Maybe it is a mirage.
It should be blinding, should drive them mad, but it doesn’t.
She smiles at a little boy as she walks by. “Hello, Will. Did you sleep well?”
Will beams his crooked grin at her, painted in vibrant hues.
Will is but one of dozens of pained grins, photosynthesizing from her. It’s not fun being in the hospital, and it shouldn’t be. She makes it tolerable though, makes time seem real and hope sustainable.
Then the virus comes.
It seems distant at first, a shadow that’s unreal and far off, and she supposes that her light, their light (because for every ray she gives off, their kindness refracts a dozen more) is untouchable.
She’s not alone in that assumption.
Soon the illness rampages across her hospital, affecting the young and the old and everyone in between. She smiles wider, gives off more light, and hopes, hopes, that it will make a difference.
That her light, their light, while not untouchable, is enduring.
For a while, it works. Her neighbors come together in respect and admiration and light over the gloom, and it is terribly beautiful.
Later, in her final moments, she will pause to wonder what caused the change,
Was it the virus, the darkness that swept over everyone at last? Was it hopelessness, like the ache she felt in her bones during her last days?

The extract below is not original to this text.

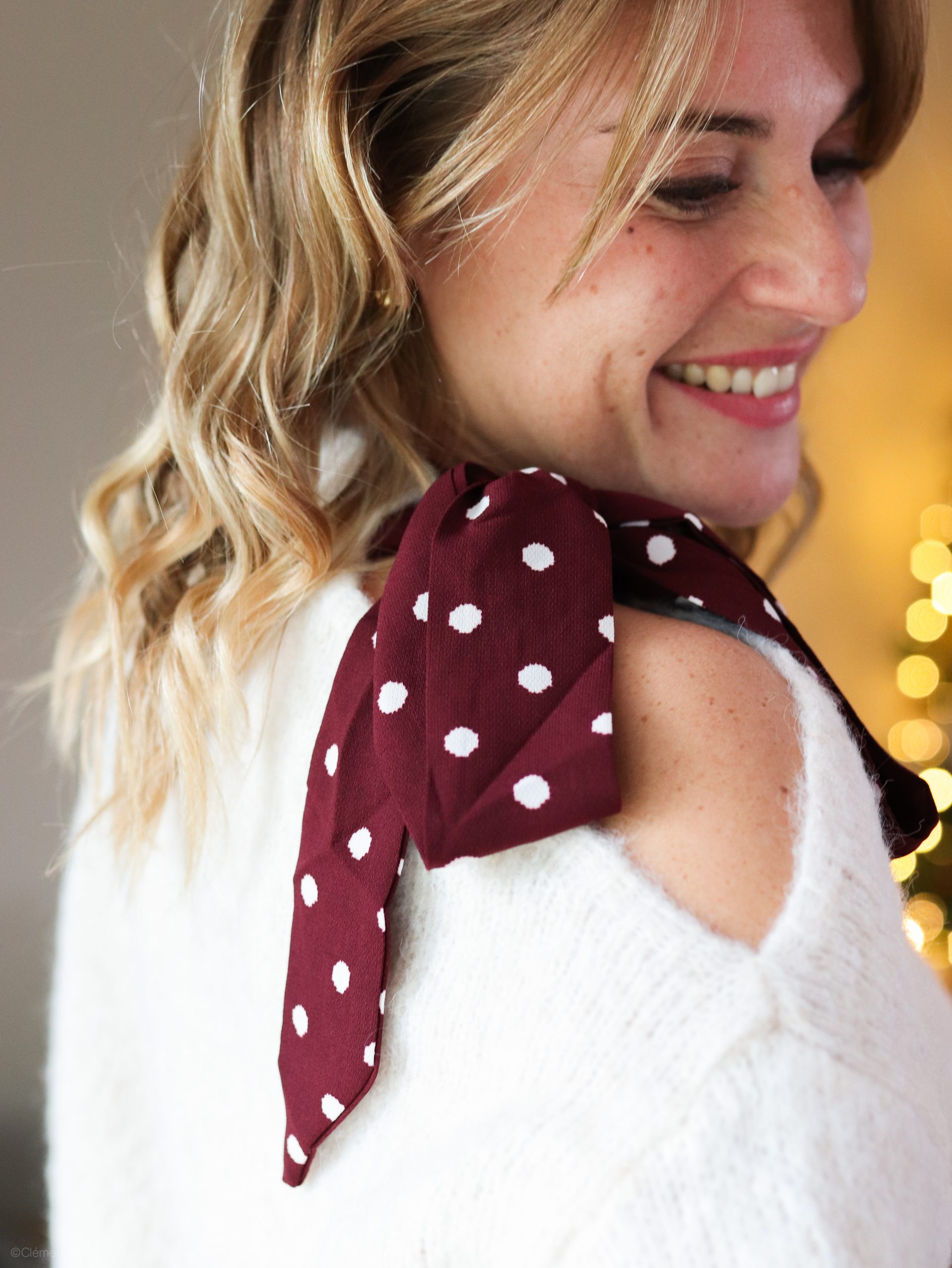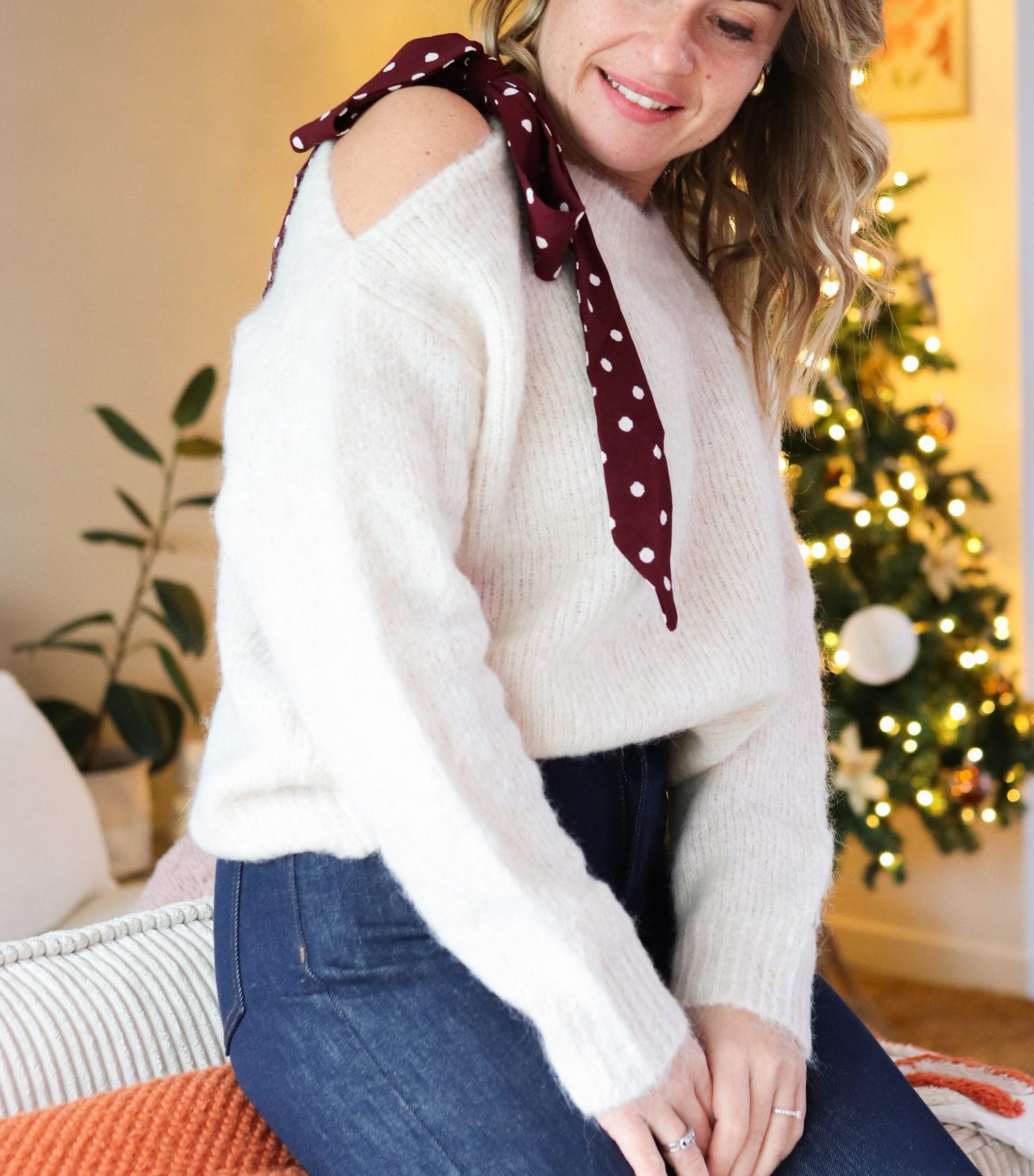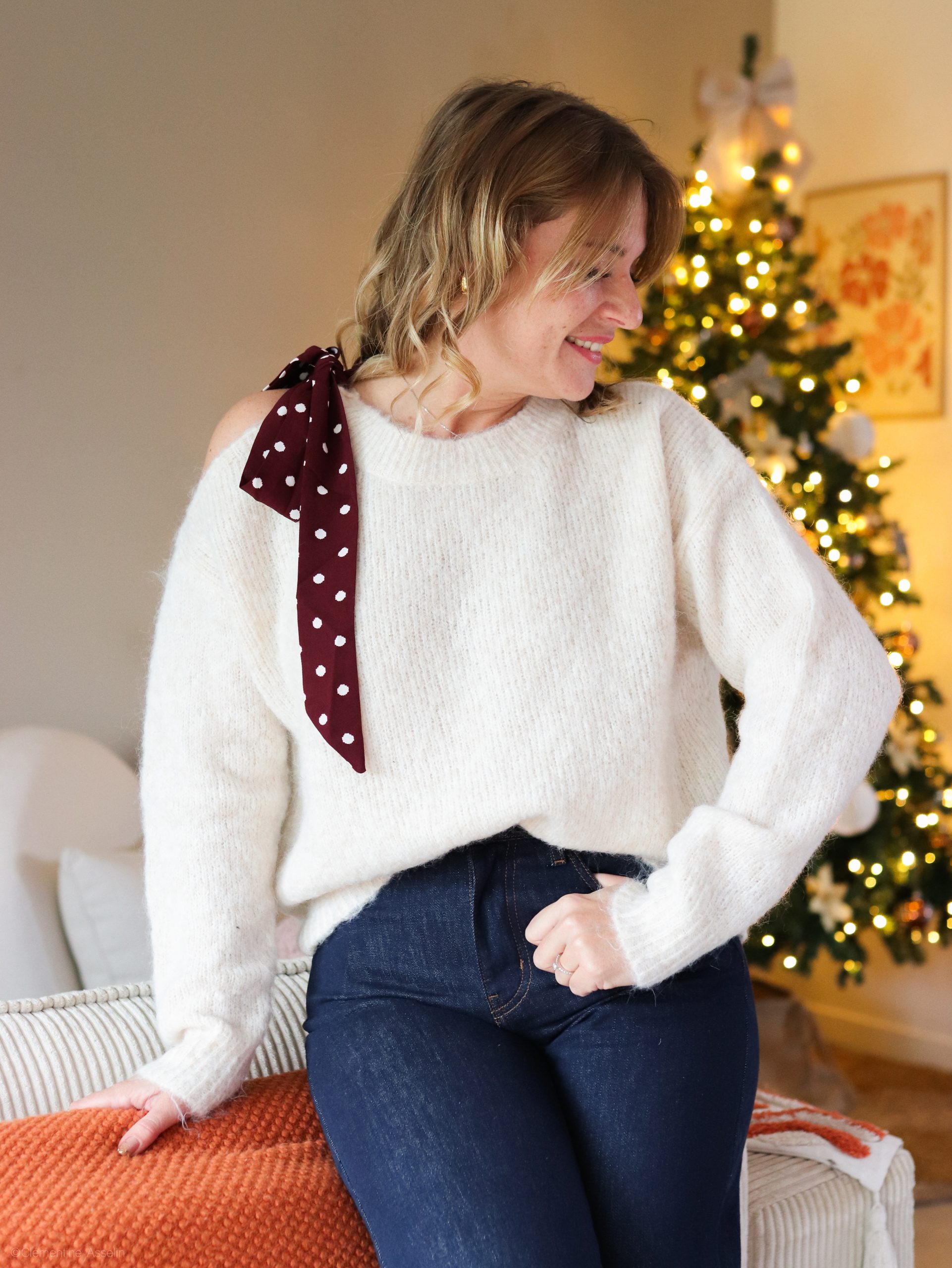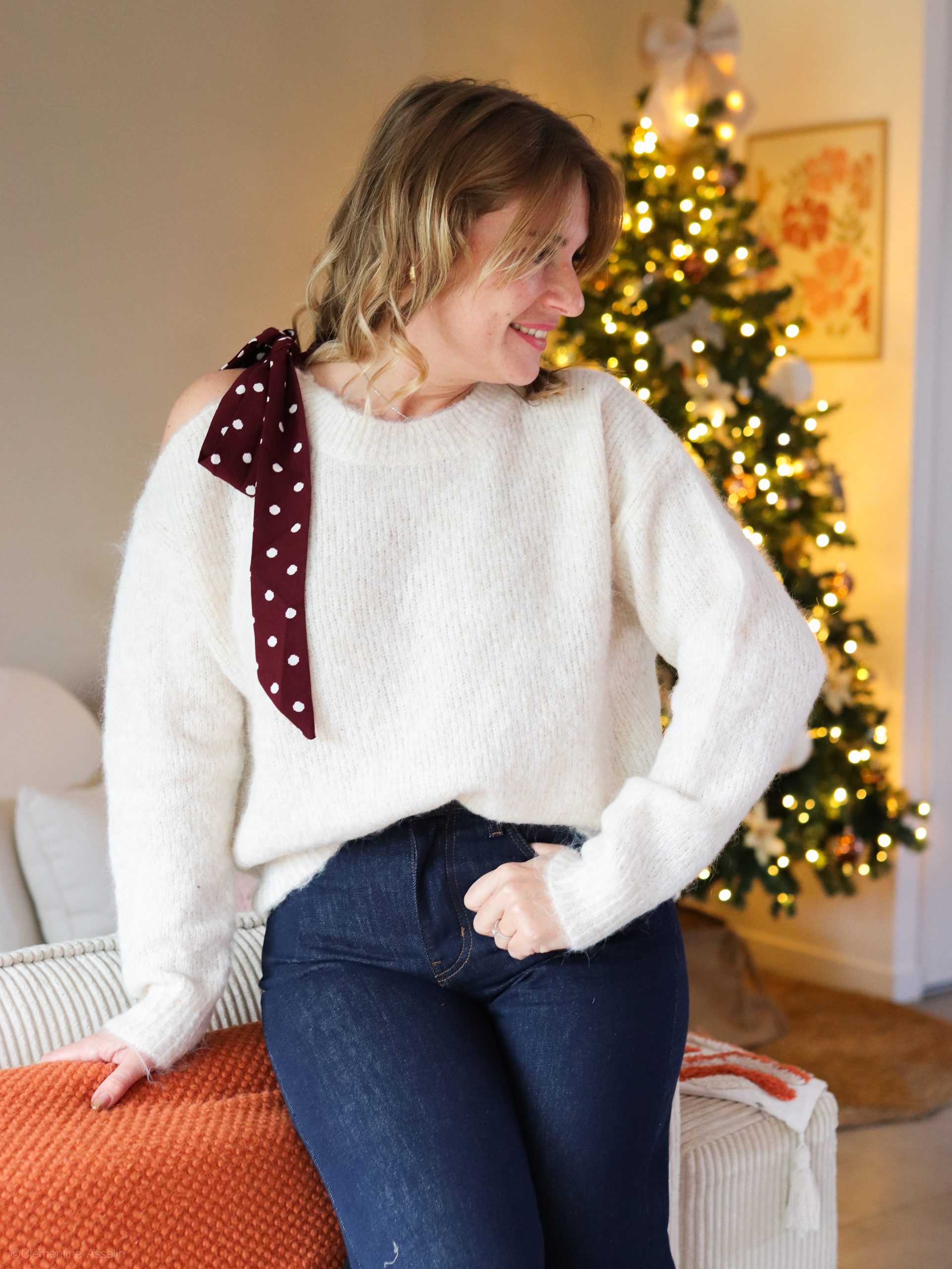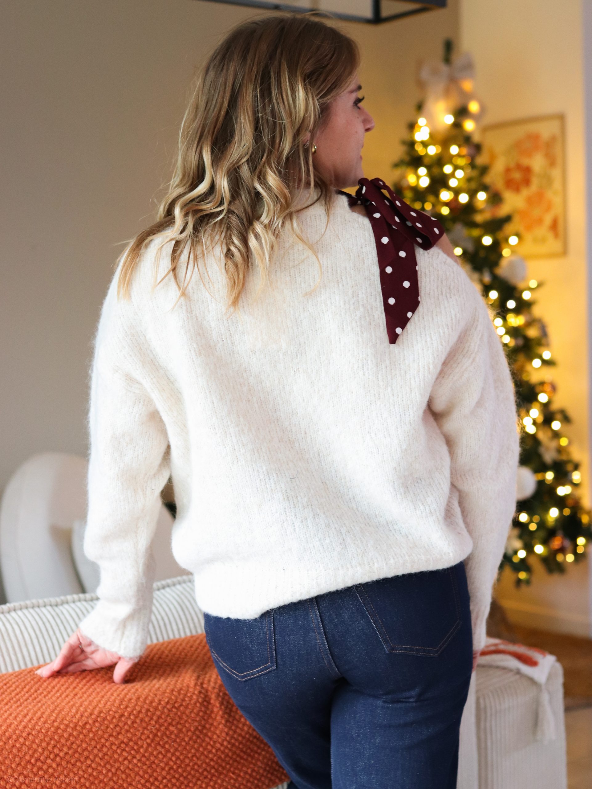 Féminin et délicat, ce pull blanc se distingue par son épaule ajourée subtilement dévoilée, apportant une touche de sensualité tout en élégance. Son détail phare : un joli nœud bordeaux à pois blancs, qui contraste parfaitement avec la douceur de la maille. Une pièce pleine de charme, idéale pour un look chic et romantique.

Was it a broken heart, like the reason her light had started to fade, as all her Wills passed on?
Well, whatever it was that caused her neighbors to abandon her and recklessly take the lives of more Wills and fill the hospital with so much murk that had feeded on itself and make it collapse like a dying star-
Well. She’ll never know.
She, herself, had drowned like a dying star, without her Wills and her light to guide her way.
No one is bathed in shimmering light, anymore, not even Will.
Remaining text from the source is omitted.